- Exercise directions -
The data is to be repeated exactly, with the images removed.
################
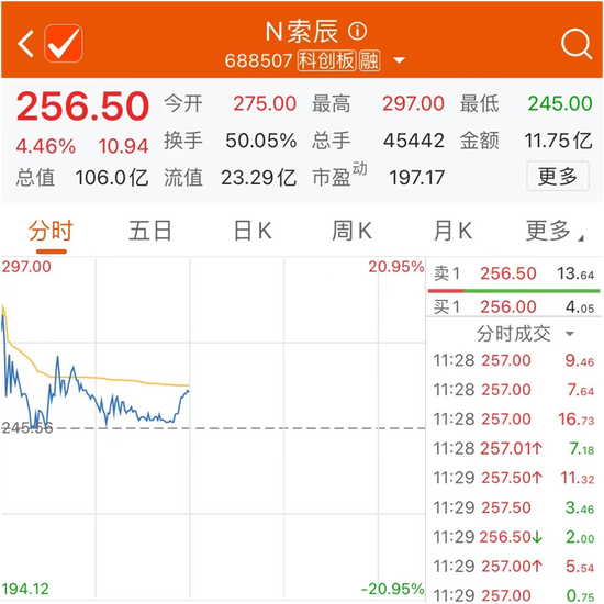 今日,备受市场关注的“年内最贵新股”索辰科技(下称“N索辰”)登陆科创板,发行价245.56元/股,早盘高开近12%,随后涨幅缩窄,盘中一度破发。截至午间收盘,N索辰报256.50元/股,上涨4.46%,换手率达50.06%,成交额为11.7亿元。
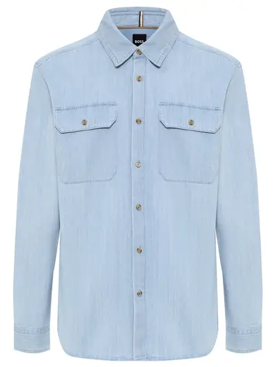 -Голубая рубашка из хлопка под деним от BOSS BLACK.
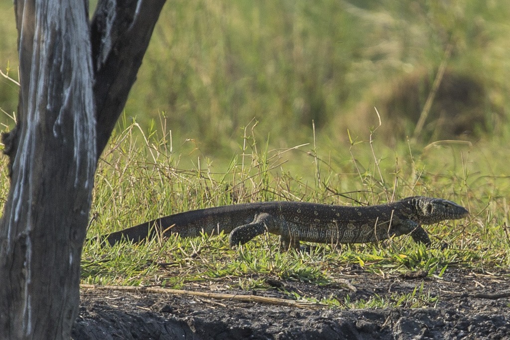 Ein anderes Boot hatte einen Leguan schon gestern sehen, wir waren heute an der Reihe. Sie scheinen sehr scheu zu sein. Nach diesem Bild verschwand er sofort wieder im hohen Grass.
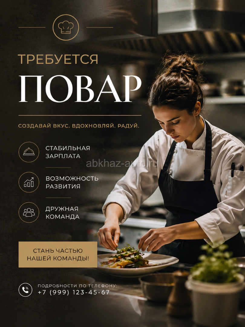 Дополнительная информация: В кафе в центре Сухума на постоянную стабильную работу требуется повар. Возраст - до 45 лет. Обучим позициям меню во время стажировки. Обращаться в вотсап по номерам: +7 940 957‑98‑09 / +7 940 776-01-10
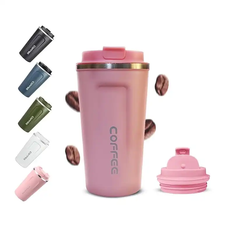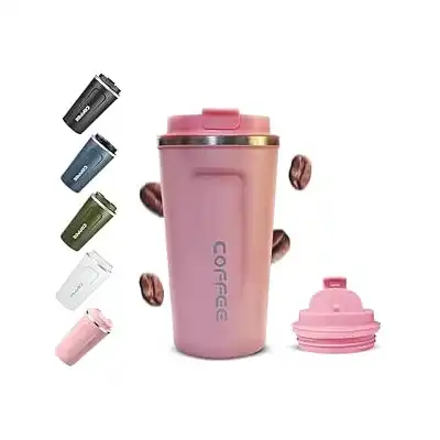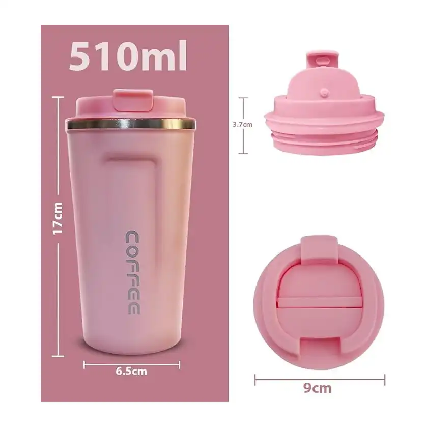 كوب قهوة، مج حراري معزول من فولاذ مقاوم للصدأ MK-128، يحافظ على المشروبات الساخنة والباردة، مج للقهوة حراري بجدار مزدوج خالي من مادة بيسفينول أ ومقاوم للانزلاق ومقاوم للتسريب، (510 مل)، (وردي)
################
- Result of the exercise -
 今日,备受市场关注的“年内最贵新股”索辰科技(下称“N索辰”)登陆科创板,发行价245.56元/股,早盘高开近12%,随后涨幅缩窄,盘中一度破发。截至午间收盘,N索辰报256.50元/股,上涨4.46%,换手率达50.06%,成交额为11.7亿元。
 -Голубая рубашка из хлопка под деним от BOSS BLACK.
 Ein anderes Boot hatte einen Leguan schon gestern sehen, wir waren heute an der Reihe. Sie scheinen sehr scheu zu sein. Nach diesem Bild verschwand er sofort wieder im hohen Grass.
 Дополнительная информация: В кафе в центре Сухума на постоянную стабильную работу требуется повар. Возраст - до 45 лет. Обучим позициям меню во время стажировки. Обращаться в вотсап по номерам: +7 940 957‑98‑09 / +7 940 776-01-10
 كوب قهوة، مج حراري معزول من فولاذ مقاوم للصدأ MK-128، يحافظ على المشروبات الساخنة والباردة، مج للقهوة حراري بجدار مزدوج خالي من مادة بيسفينول أ ومقاوم للانزلاق ومقاوم للتسريب، (510 مل)، (وردي)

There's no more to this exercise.